Appeal from an order of the Supreme Court (Aulisi, J.), entered December 16, 2004 in Warren County, which granted defendants’ motion for partial summary judgment dismissing the complaint.
Flaintiffs own a commercial warehouse in the City of Glens Falls, Warren County. They entered into a five-year lease with defendants, commencing April 1, 1997, which included clauses requiring defendants to maintain and clean the premises and engage in a preventive maintenance program for the “heating, plumbing, electrical and alarm systems.” In January 2002, *822plaintiffs were timely notified that defendants intended to vacate the premises at the conclusion of the lease term on March 31, 2002. At the time of such notification, plaintiffs were out of state and did not plan on returning until May 2002. When plaintiffs did not receive a rent payment for March, plaintiff Claude C. Charlebois’s inquiry revealed that payment would not be tendered until a final walk-through of the premises could be completed; it is undisputed that the walk-through did not occur until May when plaintiffs returned to New York.

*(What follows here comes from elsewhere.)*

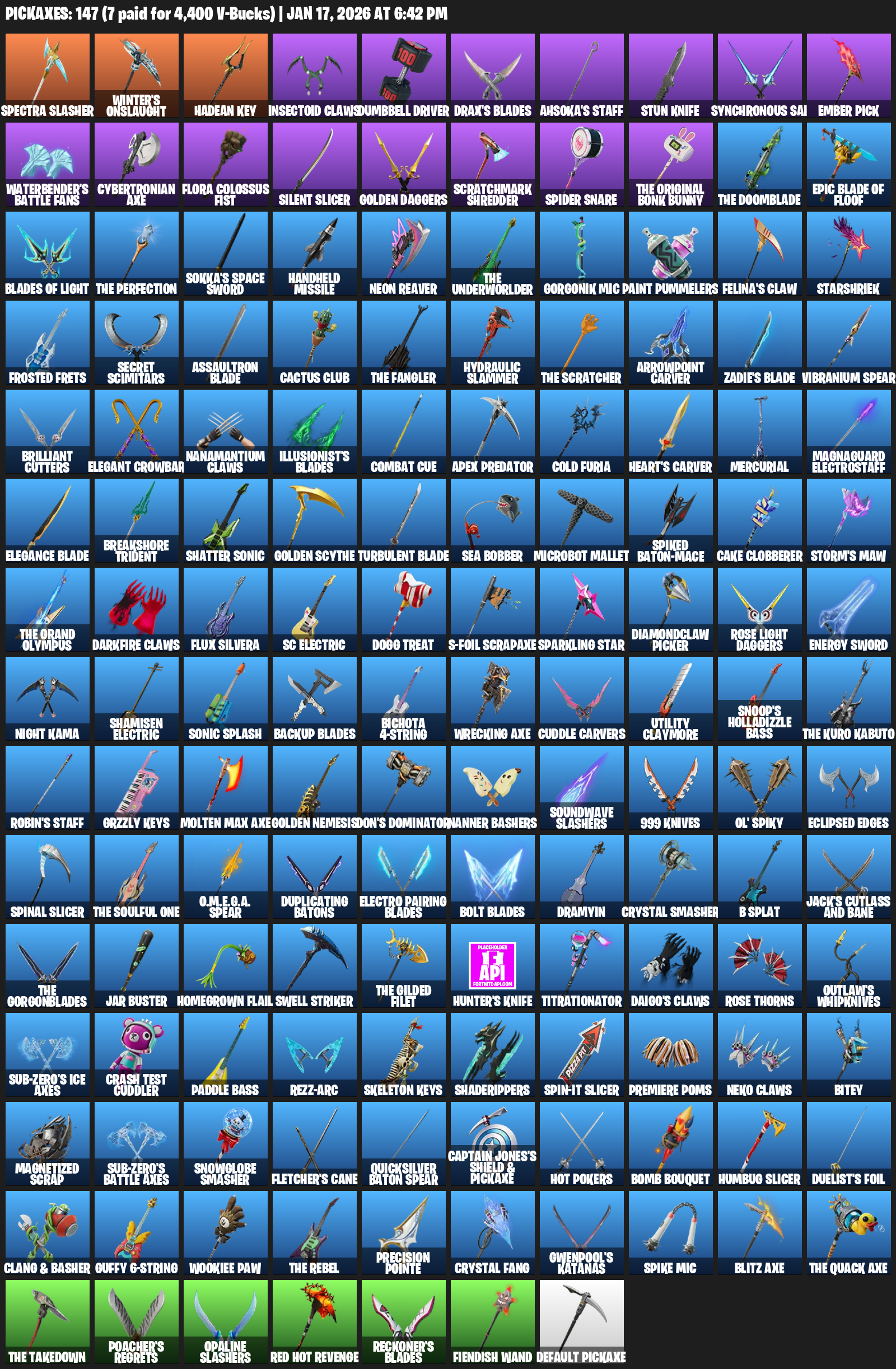 Winter’s Onslaught, Hadean Key, Insectoid Claws, Dumbbell Driver, Drax’s Blades, Ahsoka’s Staff, Stun Knife, Synchronous Sai, Ember Pick, Waterbender’s Battle Fans, Cybertronian Axe, Flora Colossus Fist, Silent Slicer, Golden Daggers, Scratchmark Shredder, Spider Snare, The Original Bonk Bunny

At the time of the walk-through, plaintiffs noted that, although defendants had vacated the building, the premises suffered from substantial damage which included many of the systems which were covered by the preventive maintenance program. At plaintiffs’ request, defendants agreed to fully repair the premises. By September 2002, the repairs were completed, the final rent payment was tendered and defendants returned their set of keys.1 From the time that the leasehold terminated, plaintiffs maintained all relevant and necessary insurance on the premises, paid its taxes and maintenance costs, and transferred all utilities into their own name. Moreover, by April 29, 2002, plaintiffs listed the property with a realtor for its sale or lease and later listed it on an Internet Web site; never was there a claim that defendants’ lack of repairs caused a loss of a potential lease or sale agreement.
In December 2003, plaintiffs commenced this action averring, among other things, that defendants owed plaintiffs rental arrearages for the period between April 2002 and October 2002 due to their status as holdover tenants. Defendants successfully moved for partial summary judgment and this appeal ensued.
Plaintiffs’ claim of a holdover tenancy premised upon defendants’ retention of a set of keys and their periodic use of the premises to complete repairs is insufficient. Typically, “a tenant who has vacated [the] premises but breached covenants to repair cannot be held liable for holdover rent while the repairs are made and the premises unleased” (Arnot Realty Corp. v New York Tel. Co., 245 AD2d 780, 782 [1997]; see Chemical Bank v Stahl, 255 AD2d 126, 127 [1998]; Orkin’s Fashion Stores v Kress & Co., 68 NYS2d 764, 764 [1947]; Canfield v Harris & Co., 222 App Div 326, 326 [1927], affd 248 NY 541 [1928]; Mudge v West End Brewing Co., 145 App Div 28, 31 [1911], affd 207 NY 696 [1913]; see also City of New York v Pennsylvania R.R. Co., 37 NY2d 298, 301 [1975]; Tobin v Union News Co., 13 NY2d 1155, 1157 [1964]; cf. Palumbo v Donalds, *823194 Misc 2d 675 [2003]). While we acknowledge that there are circumstances where a tenant may be found to be a holdover tenant after the cessation of the lease term due to its continued use of the premises or a failure to remove all of its property thereon (see Niagara Frontier Transp. Auth. v Euro-United Corp., 303 AD2d 920, 922-923 [2003], amended 306 AD2d 952 [2003]; Lordae Realty Corp. v Montefiore Med. Ctr., 232 AD2d 338, 338 [1996]), no such facts have been proffered here. Charlebois confirmed, in his deposition testimony, that the premises was completely vacated at the time of the initial walk-through and plaintiffs fully understood, at such time, that defendants intermittently frequented the premises to make the requested repairs.2 Moreover, throughout the claimed holdover period, plaintiffs made efforts to lease or sell the premises, transferred all of the services and taxes to themselves, and accepted, without objection, a tender of the final rental payment. Hence, as defendants made a prima facie showing of entitlement to judgment as a matter of law (see Winegrad v New York Univ. Med. Ctr., 64 NY2d 851, 853 [1985]), plaintiffs failure to raise a triable issue of fact supported Supreme Court’s award for partial summary judgment.
Mercure, J.P., Spain, Mugglin and Rose, JJ., concur. Ordered that the order is affirmed, with costs.
. The adequacy of said repairs are not the subject of this litigation and it is undisputed that plaintiffs always retained their own set of keys.
. We note that the lease agreement does not provide for consequential damages due to a breach of a covenant to repair.